Men and women age 45 and older without family or personal history of cancer should discuss the most appropriate screening test with their physician. While colonoscopies are necessary to confirm and often remove cancers, there are other options. Screening tests include fecal tests, such as guaiac-based fecal occult blood tests (gFOBT), fecal immunochemical tests (FIT), and multi-targeted stool DNA (MT-sDNA) tests, or endoscopic procedures, such as flexible sigmoidoscopies, virtual colonoscopies, or even double-contrast barium enemas. Patients may also choose to utilize FDA-approved at-home colon cancer screening kits before consulting with a physician.

Screen early if you’re at risk

Risk factors such as family history, diet, personal health, and certain inherited syndromes may mean you need to take extra steps to prevent colorectal cancer or begin screenings at an earlier age. People with a family history of colorectal polyps, a family history of colorectal cancer, Lynch Syndrome (HNPCC), or familial adenomatous polyposis (FAP), should discuss screening frequency with their physician.

Prevention starts now

You can take steps to reduce your risk of developing colorectal cancer by maintaining a healthy lifestyle. Eating a low-fat diet and nutrient-rich foods has been known to reduce risk.

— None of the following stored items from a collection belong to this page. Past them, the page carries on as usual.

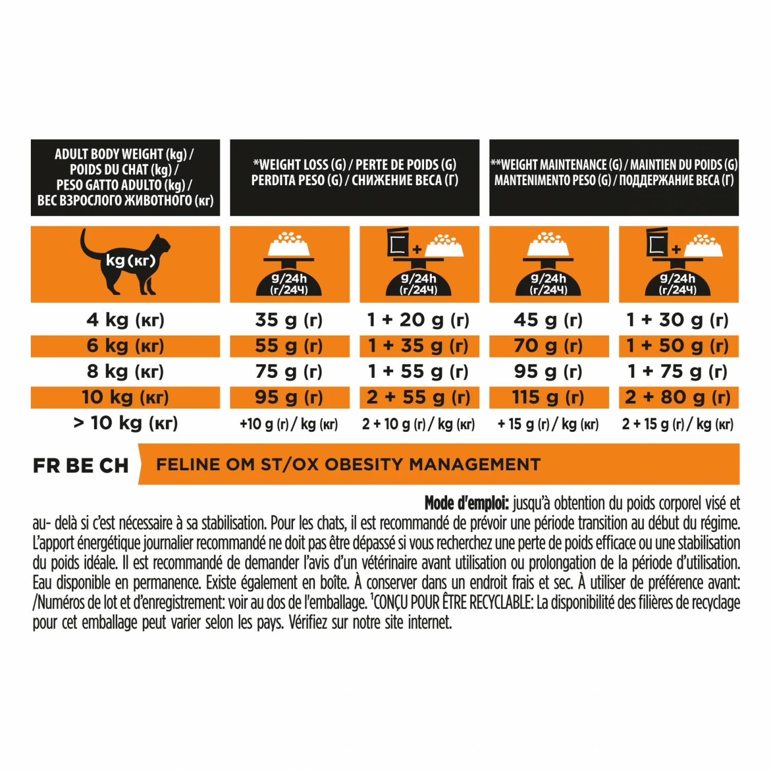 L’aliment Proplan Veterinary Diets Feline OM Obesity Management constitue un régime clinique formulé pour la perte de poids et le maintien de poids optimal chez les chats adultes grâce à ses caractéristiques et bénéfices :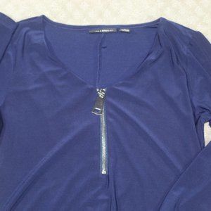Nina Leonard Size S Navy Blue Knit Swing Zipper Front Dress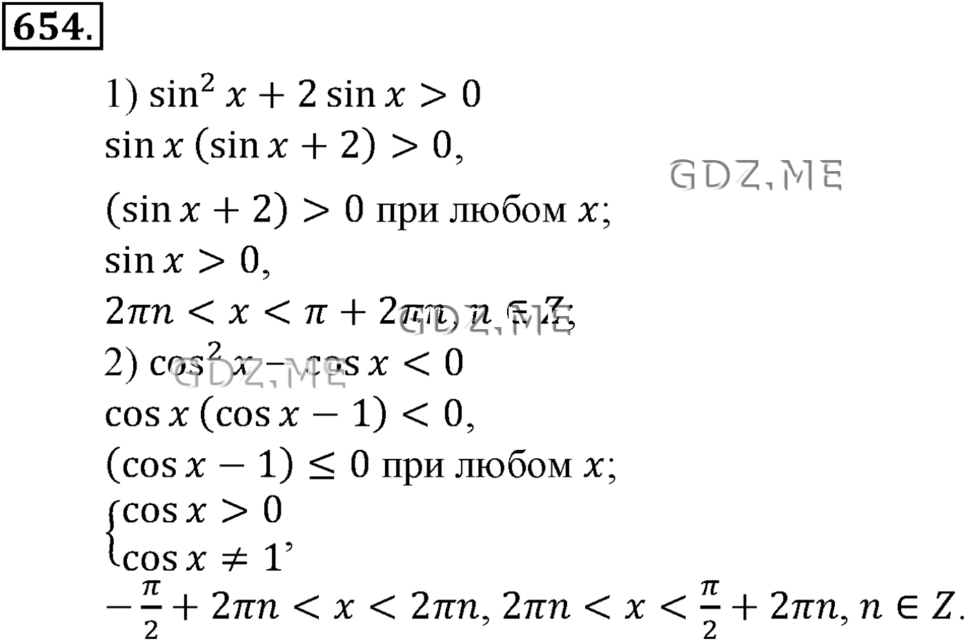 ГДЗ по Алгебре за 10 и 11 класс Алимов, Колягин. Ответ на Задание номер 654 (Глава 6 Тригонометрические уравнения)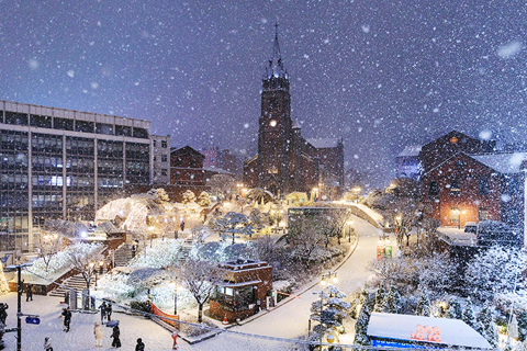 ◎ 十二月四日晚,受強冷空氣影響,首爾降下了今年入冬以來的第一場雪。圖為當日,在韓國首爾,人們在雪中出行。(新華社發 樸晉澤 攝)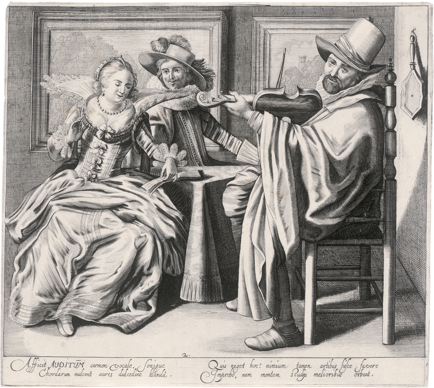 Auditum (Das Gehör). Kupferstich und Radierung nach Dirck Hals. 22,5 x 25 cm. Um 1625-30. Hollstein 8.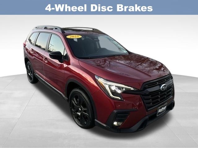 Clean CARFAX. Subaru Ascent Onyx Edition 2025 Certified. 4-Wheel Disc Brakes, ABS brakes, Air Conditioning, Alloy wheels, AM/FM radio: SiriusXM with 360L, Apple CarPlay & Android Auto, Auto High-beam Headlights, Auto-dimming Rear-View mirror, Automatic temperature control, Brake assist, Compass, Delay-off headlights, Driver vanity mirror, Dual front impact airbags, Dual front side impact airbags, Electronic Stability Control, Emergency communication system: MySubaru Safety (3-year free trial), Exterior Parking Camera Rear, Four wheel independent suspension, Front dual zone A/C, Front fog lights, Front reading lights, Fully automatic headlights, Garage door transmitter: HomeLink, Heated door mirrors, Heated Front Bucket Seats, Heated steering wheel, Illuminated entry, Knee airbag, Leather Shift Knob, Leather steering wheel, Low tire pressure warning, Occupant sensing airbag, Outside temperature display, Overhead airbag, Panic alarm, Passenger vanity mirror, Power door mirrors, Power driver seat, Power Liftgate, Power moonroof, Power steering, Power windows, Radio: Subaru 11.6" Multimedia Plus System, Rear air conditioning, Rear reading lights, Rear window defroster, Rear window wiper, Reclining 3rd row seat, Remote keyless entry, Speed control, Speed-sensing steering, Split folding rear seat, StarTex Upholstery, Steering wheel mounted audio controls, Tachometer, Telescoping steering wheel, Tilt steering wheel, Traction control, Trip computer, Turn signal indicator mirrors, Variably intermittent wipers. Odometer is 4699 miles below market average!
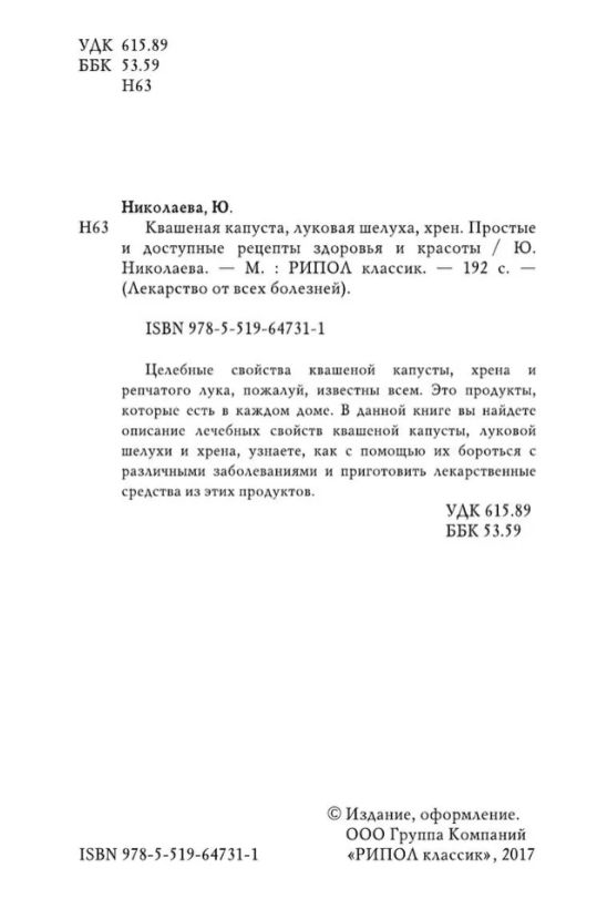 Печатная книга «Квашеная капуста, луковая шелуха, хрен. Простые и доступные рецепты здоровья и красоты» в мягкой обложке, язык - русский. В книге 192 страниц, она напечатана на белой офсетной бумаге плотностью 80 г/м². Формат издания — 148x210 мм. Все книги аккуратно упаковываем в прочный трёхслойный непрозрачный картонный конверт.

Genetic testing may also help some patients learn more about their risk.

While these four important elements of colorectal cancer prevention will help you better prioritize your colorectal health in the near term, improved awareness and education will continue to help break down barriers to detection. The future is ripe with potential to improve outcomes, as oncologists and researchers eye medical innovations that look to improve early detection rates, reduce stigma, and further advance treatments.